I'm going to deep dive through this answer below. I think you'll see
this is the most sane and coherent architecture with the tools
available in netdev.. Mellanox thinks the VDPA world should
standardize on this design so we can have a standard control plane.

> You're saying it's a client application like any other - do I understand
> it right that the hypervisor driver will be translating descriptors
> between virtio and device-native then?

No, the hypervisor creates a QP and tells the HW that this QP's
descriptor format follows virtio-net. The QP processes those
descriptors in HW and generates ethernet packets.

A "client application like any other" means that the ethernet packets
VDPA forms are identical to the ones netdev or RDMA forms. They are
all delivered into the tunnel on the SF/VF to the representor and on
to the switch. See below

> The vdpa parent is in the hypervisor correct?
> 
> Can a VDPA device have multiple children of the same type?

I'm not sure parent/child are good words here.

The VDPA emulation runs in the hypervisor, and the virtio-net netdev
driver runs in the guest. The VDPA is attached to a switchdev port and
representor tunnel by virtue of its QPs being created under a SF/VF.

If we imagine a virtio-rdma, then you might have a SF/VF hosting both
VDPA and VDPA-RDMA which emulate two PCI devices assigned to a
VM. Both of these peer virtio's would generate ethernet packets for TX
on the SF/VF port into the tunnel through the represntor and to the
switch.

> Why do we have a representor for a SF, if the interface is actually VDPA?
> Block and net traffic can't reasonably be treated the same by the
> switch.

I think you are focusing on queues, the architecture at PF/SF/VF is
not queue based, it is packet based.

At the physical mlx5 the netdev has a switchdev.

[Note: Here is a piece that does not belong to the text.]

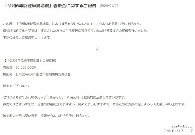 5日、SMILE-UP.社は公式サイトで、能登半島地震の被災地に5,000万円の義援金を提供したことを明らかにしました。
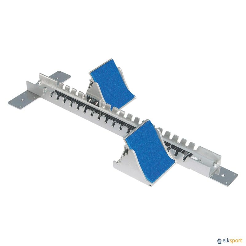 Bloco de partida de alta competição certificados pela World Athletics. Fabricados em alumínio fundido de 82 mm. Plataformas maiores e apoios em borracha para uma saída mais eficiente. Permitem a ligação a um sistema de falsa partida.

On that switch I can
create a *switch port*.

The switch port is composed of a representor and a SF/VF. They form a
tunnel for packets.

The representor is the hypervisor side of the tunnel and contains all
packets coming out of and into the SF/VF.

The SF/VF is the guest side of the tunnel and has a full NIC.

The SF/VF can be:
 - Used in the same OS as the switch
 - Assigned to a guest VM as a PCI device
 - Assigned to another processor in the SmartNIC case.

In all cases if I use a queue on a SF/VF to generate an ethernet
packet then that packet *always* goes into the tunnel to the
representor and goes into a switch. It is always contained by any
rules on the switch side. If the switch is set so the representor is
VLAN tagged then a queue on a SF/VF *cannot* escape the VLAN tag.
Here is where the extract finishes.